I, too, am a very happy squeezebox duet owner (actually two, one upstairs serving 3 zones, one downstairs serving 2 zones) as well as a squeezebox boom for my "clock radio" needs. The internet radio offerings from squeezebox prompted me (quickly) to deactivate the XM antenna on my Onkyo TX-SR805. I listen to a lot of talk radio, and it's nice picking a program from Radiotime almost anytime of the day and be able to hear most of the program. I also love Pandora (used it on the computer for a couple of years, but this really frees it up). I finally finished encoding my 13,200 WAV music files to FLAC files and tagged them with album art, so finding anything in my own music library is a breeze.
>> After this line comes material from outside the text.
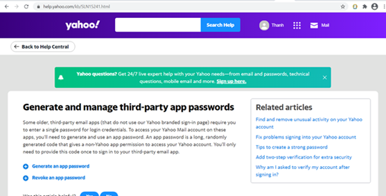 Bước 1: trạng truy cập vào tài khoản Yahoo mail cần thiết lập, truy cập song song 1 tab mới với đường dẫn https://help.yahoo.com/kb/SLN15241.html , hệ thống sẽ hiện thị giao diện như hình bên dưới.
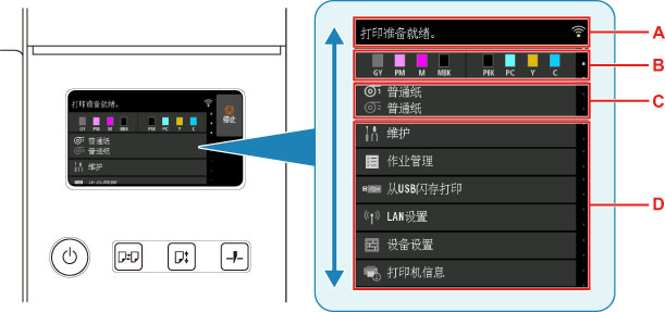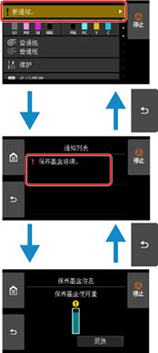 显示打印机状态、信息和其他信息。 出现信息时点击此项,可在列表屏幕上查看信息并跳转至显示详细信息和操作的屏幕。

I use the Squeezebox controllers in my primary rooms upstairs and down, but also have the Squidgy application for my iTouch and iPhone, so in essence have 4 remotes plus the computer to control the system.
So, it looks like no one's really answering the OP's original question, but honestly the easiest way to access more internet stations than you'll ever be able to listen to is via squeezebox. The sound quality's great (I use the analog inputs since my receivers can't do multiple zones with digital inputs
, and I would imagine the Burr-Brown DAC's in my receiver could do a better job). My only beef is losing wi-fi signals with the controller on occasion which seems to take awhile to re-acquire.